Incidentally, this process looks very similar to a discrete-time Ehrenfest model, so some further insights might be gained by comparison with that. It’s also related to the “snail climbing a cliff” problem, except that the non-uniform success probabilities here don’t lend themselves to a neat, simple recurrence.

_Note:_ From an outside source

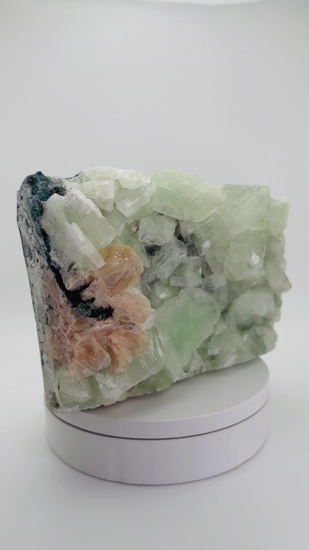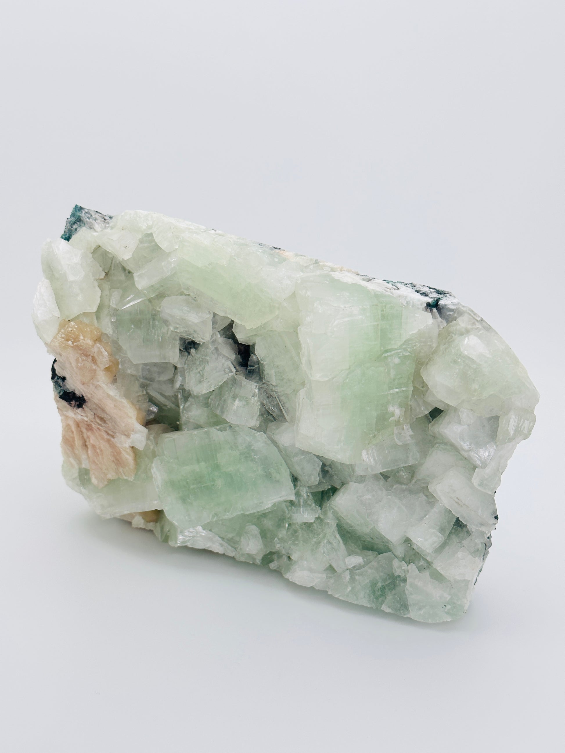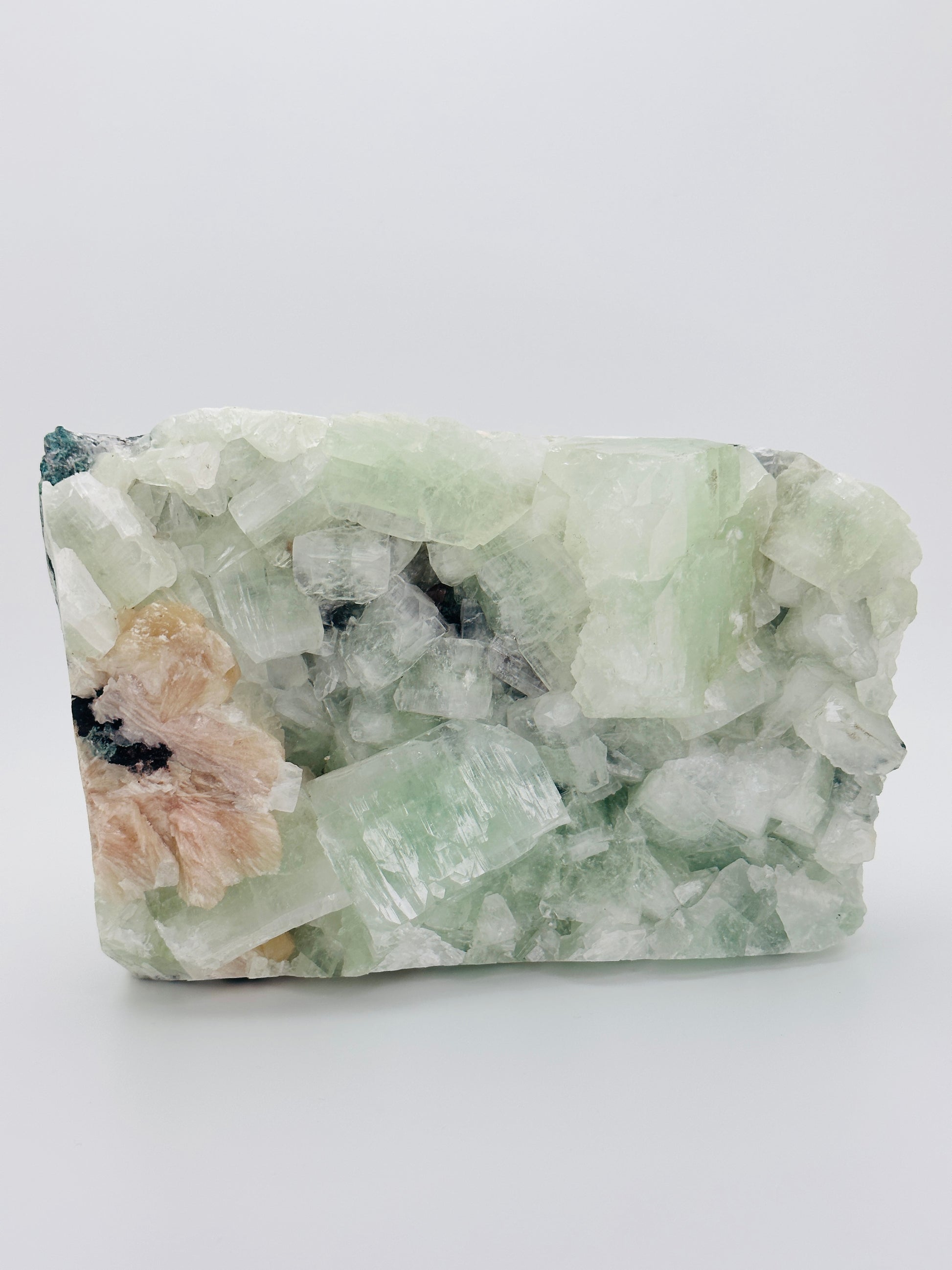 This incredible specimen boasts vibrant cubic Green Apophyllite, Stilbite and a deep red Heulandite inclusion.

Consider the matrix for this Markov chain: $$P=\left[\begin{array}{cccccccccc} 0&1&&&&&&&&\\ 1-p_{1}&0&p_{1}&&&\ddots&&&&\\ &1-p_{2}&0&p_{2}&&&0&&&\\ &&1-p_{3}&0&p_{3}&&&\ddots&&\\ &&&1-p_{4}&0&p_{4}&&&&\\ &&&&1-p_{5}&0&p_{5}&&&\\ &&\ddots&&&1-p_{6}&0&p_{6}&&\\ &&&0&&&1-p_{7}&0&p_{7}&\\ &&&&\ddots&&&1-p_{8}&0&p_{8}\\ &&&&&&&&0&1\end{array}\right],$$ where the transition probability of going from state $i$ to state $j$ is $P_{i,j}$ for each $0\leq i,j\leq 9.$ Then the probability of going from state $i$ to state $j$ in $n$ steps is just $(P^{n})_{i,j},$ the $(i,j)$th entry of the $n$th power of $P.$ Since 9 is an absorbing state, to find the probability that we go from state 0 to state 9 in exactly $n$ steps, we just need to consider $(P^{n})_{0,9}-(P^{n-1})_{0,9},$ since this is the probability that we reach state 9 from state 0 in $n$ steps, but didn't reach state 9 before the $n$th step.
Now, to find the probability that the number of failures before hitting 9 is $f,$ for some specific integer $f\geq 0,$ and using @amd's comment, we see that we must hit state 9 at the $(2f+9)$th step of the process (starting from 0). Using the above, we can calculate this probability as $(P^{2f+9})_{0,9}-(P^{2f+8})_{0,9}.$ This gives us the probability mass function for the number of failures before reaching state 9, i.e., $p(f)=P(f\text{ failures}).$ Then to compute the average number of failures before reaching state 9, we would need to compute $\sum_{f=0}^{\infty}f\cdot p(f),$ using the definition of the mean of a random variable.
On the other hand, while all of this can be approximated numerically for specific values of the $p_{i}$, I have some doubt that you can obtain a general formula in terms of the $p_{i}$ for either $p(f)$ or the average number of failures.